QUESTION
Let $\begin{array}{cc} x=[1&2&3&4]^T \end{array}$. Find a matrix $E = I - \alpha e_i e_4^T$
such that $Ex =$ $\begin{bmatrix} 1\\ 2\\ 0\\ 4\end{bmatrix}$
Any help with this would be appreciated. The part I'm most confused about is the $e_i$ and $e_4^T$. What do these represent? I think I should be fine after that I'm just a little confused at the moment.
On
$$Ex=(I-\alpha e_i e^{\text{T}}_4)x =Ix -\alpha e_i (e^{\text{T}}_4 x) =x-\alpha x_4 e_i.$$ $$(Ex)_3 =x_3-\alpha x_4 (e_i)_3.$$ Hint. For what values of $\alpha \in \mathbb{R}$ and $i \in \{1, 2, 3, 4\}$ does this equality $$(Ex)_3 =x_3-\alpha x_4 (e_i)_3 =0$$ hold?
$$\alpha=\frac{x_3}{x_4}=\frac34,\quad i=3.$$
Usually, the notation $e_j$, or sometimes $\hat{e}_j$, is used to denote the standard basis vectors of $\mathbb{R}^n$; $e_j$ is a vector that has a $1$ in the $j$-th component and $0$ in the remaining components. E.g.
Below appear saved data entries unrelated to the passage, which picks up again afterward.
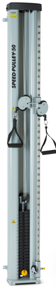
Speed pulley 50kg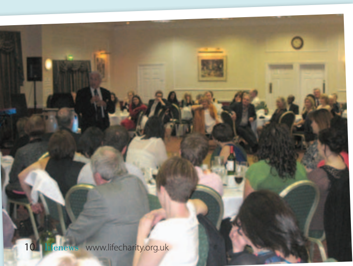
< Comedian and LIFE patron Don Maclean entertains the audience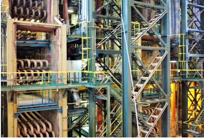
Figure 5. Phénix Steam Generator Section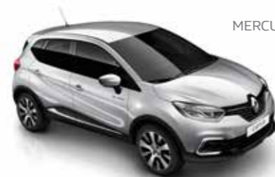
MERCURY SILVER (MP)

$$ e_3 = \left[ \begin{matrix} 0 \\ 0 \\ 1 \\ 0 \end{matrix} \right]$$
Do be aware, however, that many sources don't distinguish very well between whether a vector should appear as a row or a column when treated as a matrix. Don't be surprised to see some sources use $e_3$ to mean $\left[ \begin{matrix} 0 & 0 & 1 & 0 \end{matrix} \right]$ instead, or even switch back and forth between the two options!